Bowles was arrested at the Rancho Cucamonga branch of the San Bernardino Superior Court on five misdemeanor counts of suspicion of practicing law without a license. He posted $5,000 bail and was released.

On Tuesday, Bowles represented two clients in separate preliminary hearings in San Fernando Municipal Court, according to court records. He returned to the courthouse Wednesday to represent a client in an attempted-murder case and was arrested. Earlier this year, one of Bowles’ clients was convicted of robbery.

The Los Angeles County district attorney’s office did not learn that Bowles was practicing law with a suspended license--and that he had been arrested in San Bernardino County--until Wednesday morning, according to a court document filed by Deputy Dist. Atty. Meredith S. Rust. Gil Garcetti, chief deputy of the district attorney’s office, said Bowles’ cases will not be retried even though Bowles’ license was suspended when he accepted them. Practicing with a suspended license is not grounds for reversal of a conviction, Garcetti said.

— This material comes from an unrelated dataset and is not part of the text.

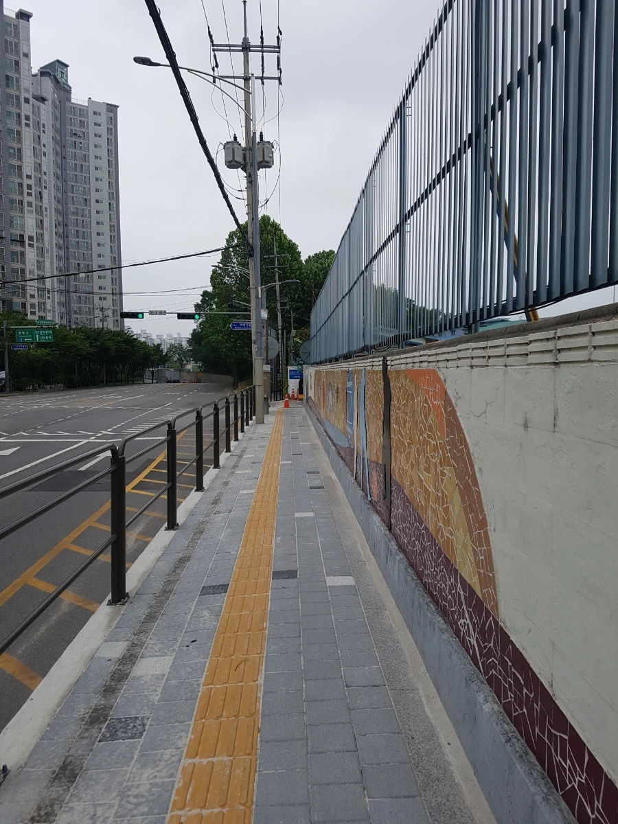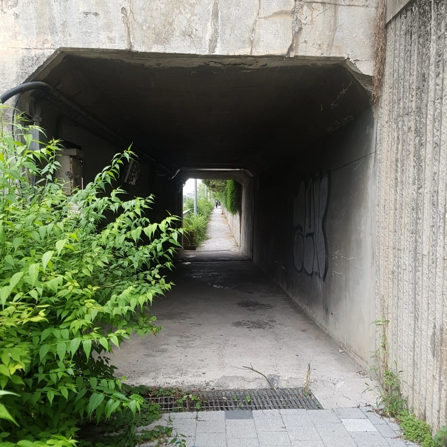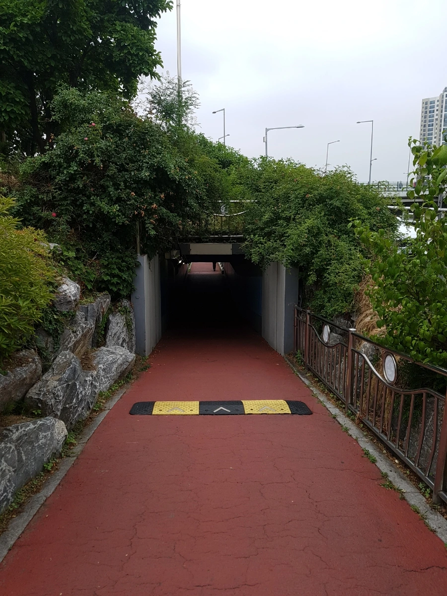 장평교에서 장안교 사이에는 벽화 담벼락 길이, 장안교에서 겸재교로 가는 사이에는 지하차도를 연상케 하는 개성 넘치는 길이 있다. 비슷한 산책로 길을 계속 가면 지루할 수도 있는데 이러한 교량과 교량 사이의 이색적인 길이 중간에 있어 걷기의 재미를 더해주었다. 개성 있는 길을 지나니 겸재교가 등장했다.
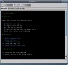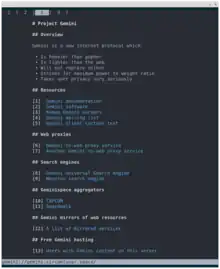 "Geminispace" denotes the whole of the public resources that are published on the Internet by the Gemini community via the Gemini protocol. Thus, Gemini spans an alternative communication web, with hypertext documents, including hyperlinks to other resources easily accessible to the user.[1]

Bowles was admitted to the bar in 1977 after receiving a law degree from Hastings Law School, Charles said. She added that the bar had found Bowles guilty on March 7 of six counts of violating rules of professional conduct from 1983 to 1985, including taking advance fees without performing promised services and failing to notify a client of a cash award issued by an arbitration court.

Bowles, who held his head in his hands several times during Wednesday’s hearing before Luros, had been on probation for two counts of driving with a suspended license in June and August, 1986. Bowles had left the San Fernando Courthouse after hearing on the first traffic violation when he was arrested again.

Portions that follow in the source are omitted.